La silenciosa crisis de la
izquierda de cartón
Por Jorge Majfud
Rebelión.org
01/12/2025
Fuentes: Rebelión
El pasado 26 de
noviembre de 2025, el presidente de Uruguay, Yamandú Orsi, se expuso nuevamente
a responder preguntas. Esta vez en un formato dialogado, relajado y con tiempo
para la reflexión. El programa, “Desayunos Búsqueda” comenzó a las 9:30 de la
mañana, por lo que no se puede alegar cansancio. Casi al final, se produjo el
siguiente diálogo:
Presidente: La seguridad es un tema del que hay que hablar…
Y yo creo que el ejemplo es Bukele. Es El Salvador… El ejemplo de un proceso.
Periodista: ¿Lo estás poniendo como ejemplo positivo o
negativo…?
Presidente: Ejemplo para analizar. Estuve con alguien, mano
derecha de Bukele, el otro día en La Paz, Bolivia… Son procesos raros ¿no? que
tienen esos países… Países que han sufrido guerras… Les pregunté cuántos
muertos en la guerra… 80 mil muertos, y no me acuerdo cuantos tantos
desaparecidos… Otro tanto en Guatemala. Procesos terribles…
¿Guerras?
Bueno, dejemos ese capítulo de lado. Quienes lo criticamos fuimos acusados de
tergiversar sus palabras. “El presidente sólo habló de un ejemplo para el
análisis”…
La primera
expresión no tiene nada de ambigua. Bukele y El
Salvador son “el ejemplo” para discutir la seguridad.

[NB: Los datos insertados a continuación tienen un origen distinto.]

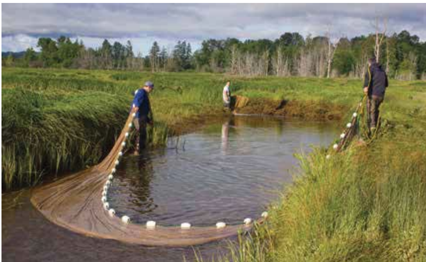
The Skokomish Tribe's fisheries staff seines the restored estuary to determine which fish species are using the side channel while migrating to and from Hood Canal.

NWIFC Wildlife Program - The NWIFC wildlife program provides coordination and support services to its member Tribes on a variety of wildlife management issues and projects.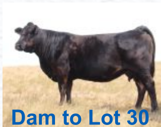
Dam to Lot 30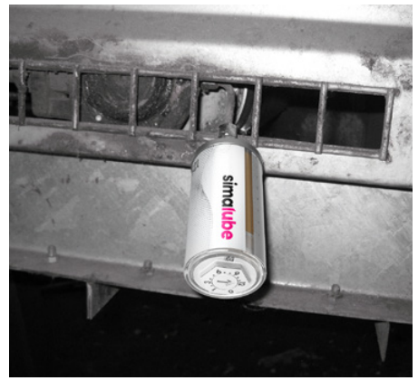
simalube lubricates bearings on a conveyor belt.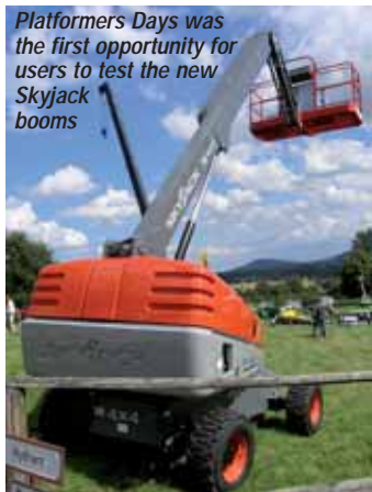
Platformers Days was the first opportunity for users to test the new Skyjack booms

The new boom will be available in October with two new electric scissor lifts following in February. Both are single door (80cm) models with six and eight metre platform heights and are modelled on American/European products. It is possible that these will be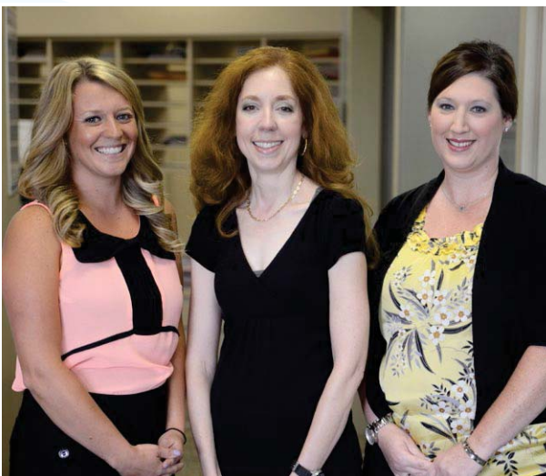
Chiropractic Associates of LVPG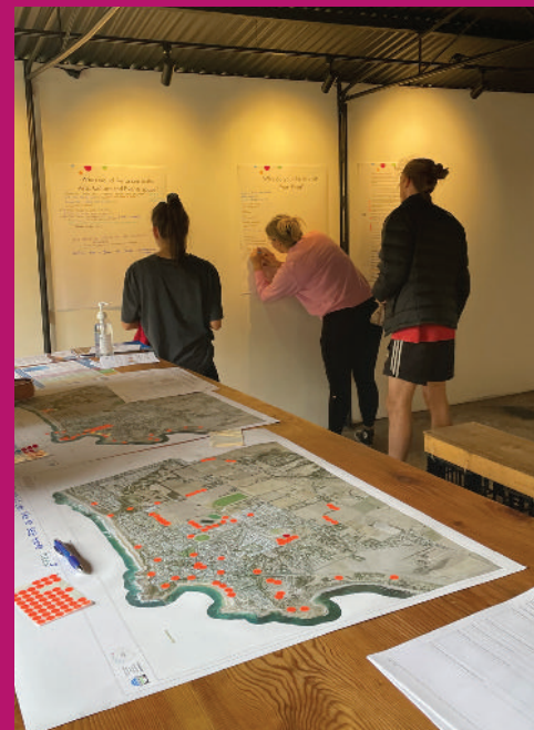
Port Elliot Drop In Session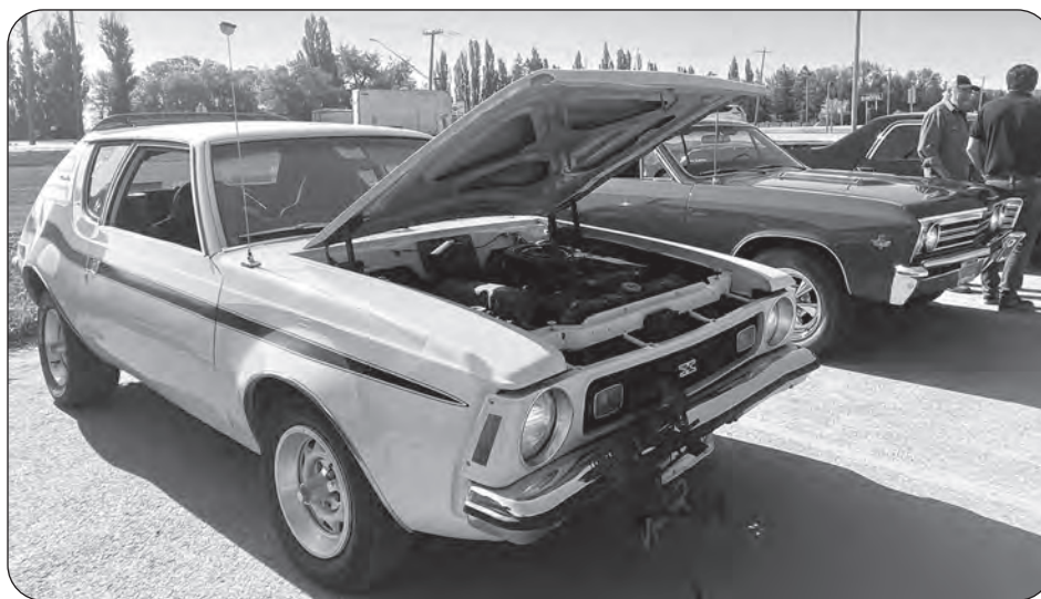
VOICE FILE PHOTO

"The poker thing is just an excuse to go for a drive with our cars," says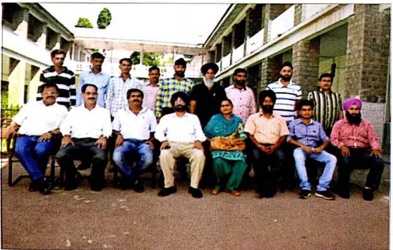
Non-Teaching Staff of the College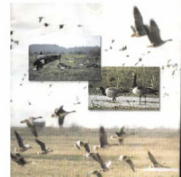
The majesties of the geese capital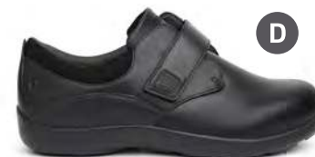
Casual Double Depth Black Stretch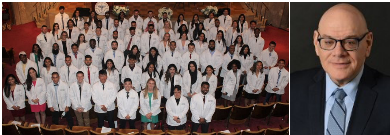
Left: Class of 2024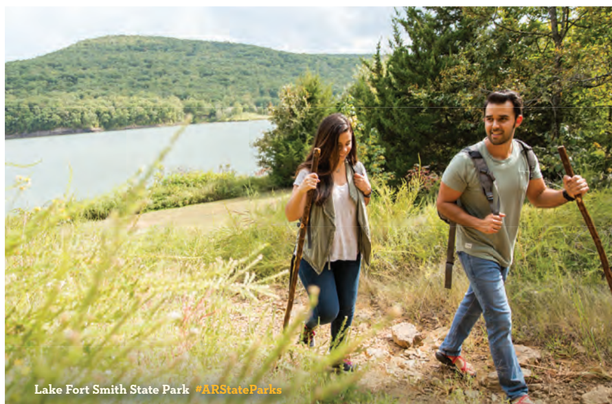
Lake Fort Smith State Park #ARStateParks

When you're ready to relax, end the day in the luxury of the Lodge at Mount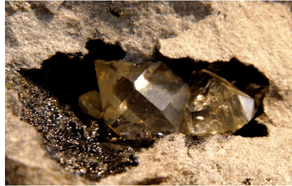
Close-up of vug containing Herkimer “Diamonds.” Amazing!

These are much larger than what we obtained 12 years ago. The smallest pieces consist of matrix about 4" to 6" across and about 4" high, each with a vug containing one or more excellent Herkimer “Diamonds” at least .5" across! These are available for $65, $75, and $95, by quality.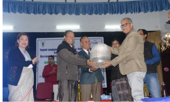
Fig. Distribution of Amur carp seed to the farmers of Sikkim in the presence of Shri Puran Kumar Gurung, Hon'ble Minister for Agriculture, Horticulture, Animal Husbandry, and Fisheries, Government of Sikkim.

Each farmer received 1,000 Amur carp seeds and 200 kg of floating fish feed. A total of 50,000 seeds and 10,000 kg of feed was distributed among the farmers.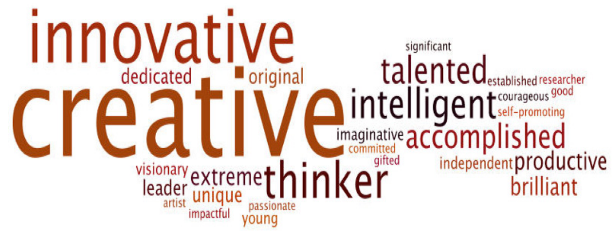
FIGURE 2. PEERS' PERCEPTIONS OF FELLOWS

Fellows' peers regard Fellows first and foremost as creative and innovative. They see the Fellowship as distinctive because it prioritizes potential over achievement, compared with other prestigious awards. Simultaneously, they report admiration toward Fellows and their work; however, they are less likely than the engaged public to suggest that the Fellowship has inspired their own pursuit of creative ideas. Figure 2 illustrates the words most associated with Fellows by their peers (words displayed with larger images were more frequently noted).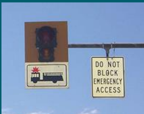
Optional Signs Available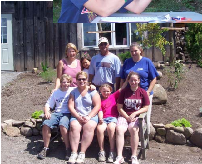
The above pictures show the Shooting Stars 4-H Club in action!!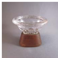
Cat. 74 United States, salt cellar, c. 1860 with later alteration. Glass, wood replacement foot.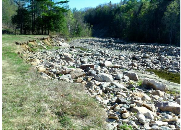
The Mill River (right) broke through its berm wiping out prime agricultural land at Evening Song Farm.

Other communities insist on rebuilding berms. Homer Stone Brook in Wallingford drops over 1,200 feet along its approximate two-mile length from its origins at Little Rock Pond on Green Mountain to its confluence with the Otter Creek. In the last one-sixth of that route, the brook's course flattens. Here berms were constructed to prevent the brook from fanning out to homes and railroad tracks that cross it downstream.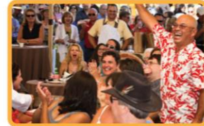
Live auction action

The Napa Valley is known for its generosity, but we are always blown away by the support we receive at the “Cause for the Paws” event held each summer for the past seven years.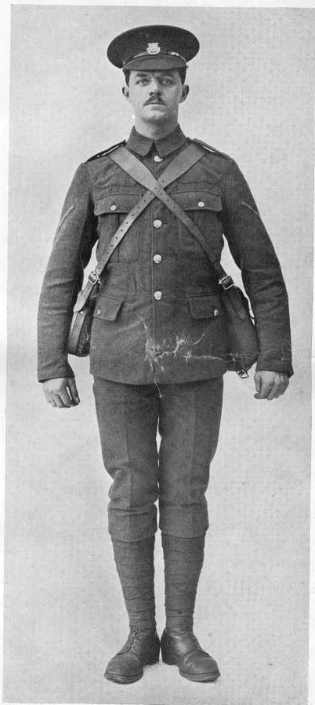
BRACES SEPARATED FROM EQUIPMENT AND ATTACHED TO WATERBOTTLE AND HAVERSACK, SHOWING ORDINARY METHOD OF SLINGING ACROSS THE SHOULDERS.

¿Necesitamos un teólogo para interpretar esto? Si hubiese dicho “en materia de
seguridad, Cuba es el ejemplo” no habría quedado duda. ¿Por qué no decirlo?

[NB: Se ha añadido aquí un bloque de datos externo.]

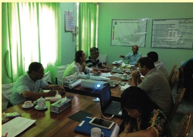
Figure 15 General Discussion about the system documentation and coding system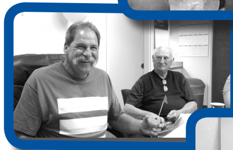
Is that a hole-in-one about to happen on his cupcake?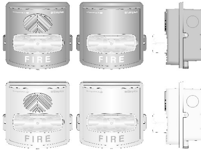
Figure 1: Weatherproof A/V (top) and Strobe (bottom), side view of A/V on Weatherproof Mounting Boxes (right)

TrueAlert ES weatherproof addressable appliances provide visible and audible/visible notification for indoor and outdoor, extended temperature and extended humidity applications. They are individually addressed and receive power, supervision, and control signals from a Simplex fire alarm control unit providing IDNAC Signaling Line Circuits (SLCs).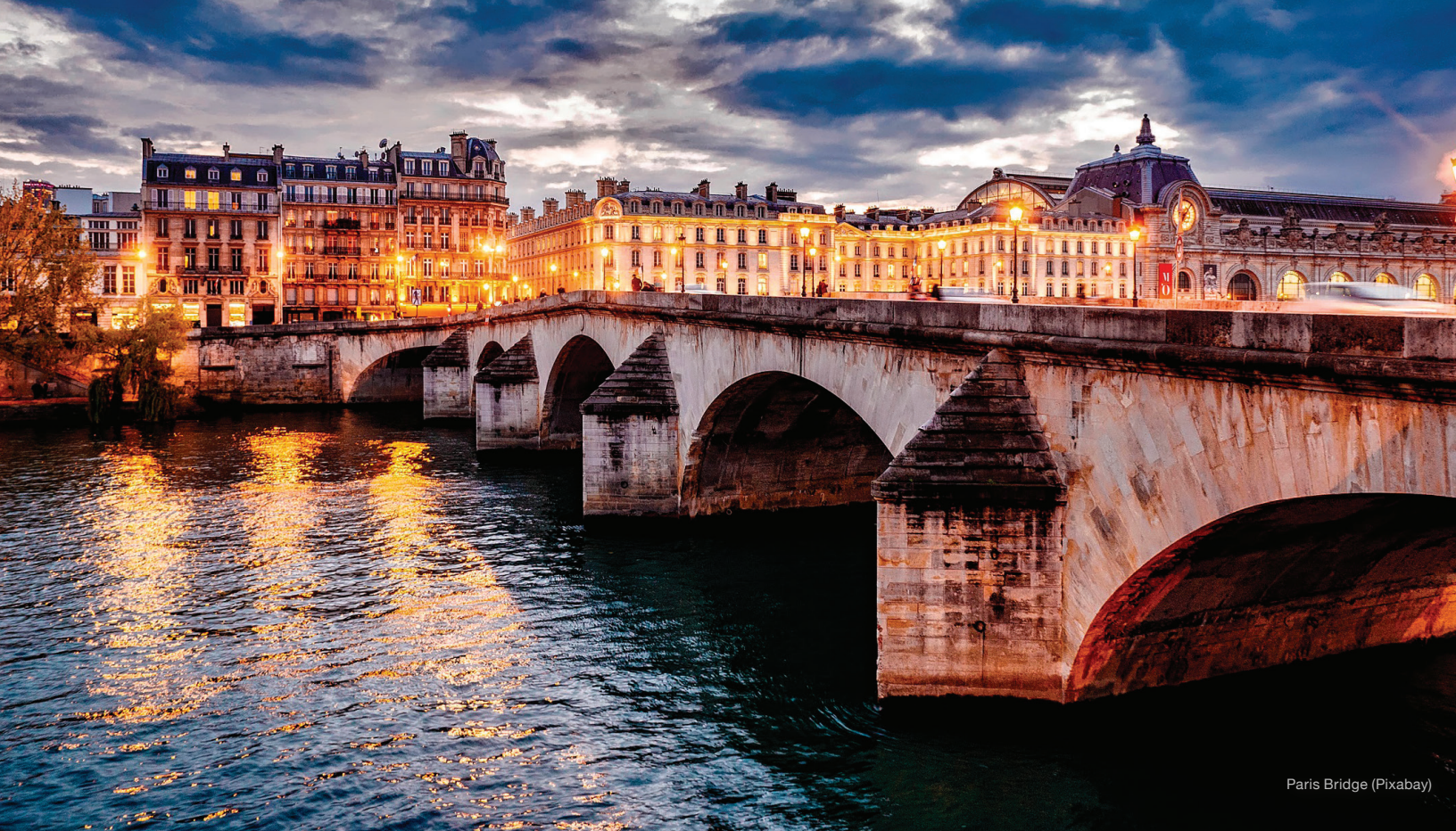
Paris Bridge

Cuba ha tenido una tasa de criminalidad históricamente muy baja. O Chile, cuya tasa
de homicidios es la mitad de la de Uruguay. ¿Por qué El Salvador? Más que El
Salvador, ¿por qué “el ejemplo es Bukele”, a pesar de que la dramática
reducción de los homicidios se produjo en el gobierno de Sánchez Cerén y sin
recurrir a los campos de concentración ―su pecado fue desafiar a las
corporaciones. Pero, no sin ironía, Bukele ofrece otro ejemplo de la
palestinización del mundo que estamos viendo, incluso en Estados Unidos:
brutalidad sin ley, cárceles coloniales y datos a la medida del consumidor,
como reportar asesinatos como suicidios o accidentes.
Cuando el
periodista intenta confirmar, Orsi se sale de la rotonda, una vez más, con una
anécdota banal. Como decían los GPS veinte años atrás, cuando uno erraba una
salida: recalculating… Al día siguiente, el presidente
debió llamar a una radio para aclarar sus oscuridades habituales. La misma
ambigüedad gesticular aplicada a “lo tremendo” de la “guerra en Gaza”.
Peor fueron las
justificaciones de muchos de sus votantes, las que expresan una desesperada
necesidad de confundir deseo con realidad. Algunos de ellos se enojaron con
nuestra crítica, diciendo de que hay una “izquierda insaciable” y que “todo
debe ser hecho como ellos quien”. No han entendido nada.
Primero: está
claro que no hay humanos perfectos y, mucho menos, un político, alguien que
cada día debe embarrarse con las contradicciones de la realidad.
Segundo: no por
esto, aquellos que no tienen poder político o económico, deben ser
condescendientes con quienes fueron elegidos para cargos públicos. Si no
resisten las críticas sin azúcar, que renuncien. El resto no les debemos nada.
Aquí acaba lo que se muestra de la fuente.